None of the above (except for the analysis of the water maze test) took any real brain power on my part. I wasn’t doing super delicate surgeries (which I also had to do as part of my doctoral work) or complex math that required me to remain focused on the task at hand. The sectioning of the brain tissue was REALLY mindless work. All you do is slice a piece of tissue and put it on a slide, repeat until the slide is full, then move on to another slide. I spent weeks sectioning tissue after spending 3 months straight doing the water maze testing.

My mind was left free to do a lot of other things. Sometimes, I would listen to the radio. I was the only one in the lab toward the end so there wasn’t anyone to complain about my music. But most of the time, I would let the characters talk to their heart’s content.

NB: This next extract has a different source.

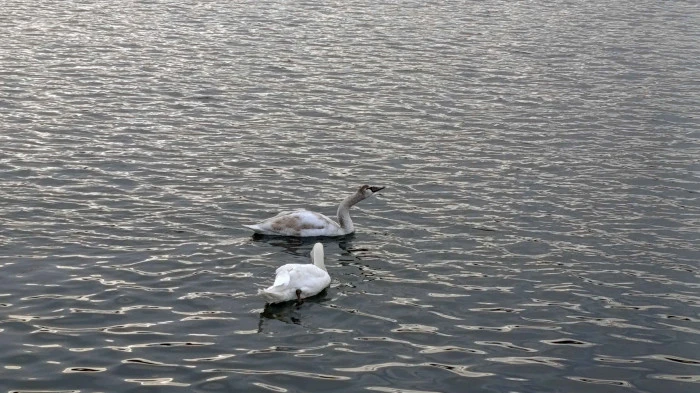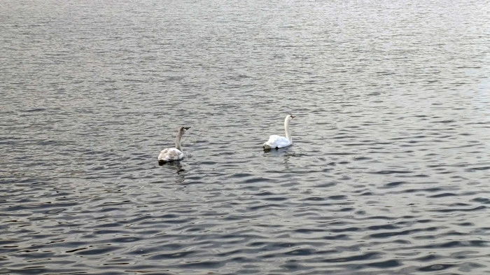 Şile Limanı’na gelen iki kuğu, sakin hava ve balıkçı teknelerinin azlığını fırsat bilerek liman içinde keyifli bir gezinti yaptı.
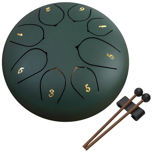 CAHAYA Steel Tongue Drum 12-Inch: 13 Notes Percussion Hand Drum with Music Score Drum Mallets Finger Paddles and Carry Bag for Meditation Entertainment Musical Education Gift Sage Green CY00374-1

I found that these sessions really let me hash out dialog and to really listen to their individual voices and personalities, and to try my best to let that come out in the writing (which is hard with as many main characters as I had).

These times were also useful for working out the direction of the next chapter, or two or three sometimes, depending on how easily things worked themselves out. I kept a little spiral notebook to write stuff down but I didn’t use it nearly as often as I thought I would. I was quite surprised at how well I could remember the scenes that has just unfolded in my mind.

I hope that someday I can see my work on the big screen. Maybe because I have already “seen” it in these moments. I have also had several people tell me that as they were reading The Chosen, they could also see the movie playing in their head.

So how do you work through your scenes? Do you plan everything in your head before you write, or do you plan on paper, and rewrite each scene over and over?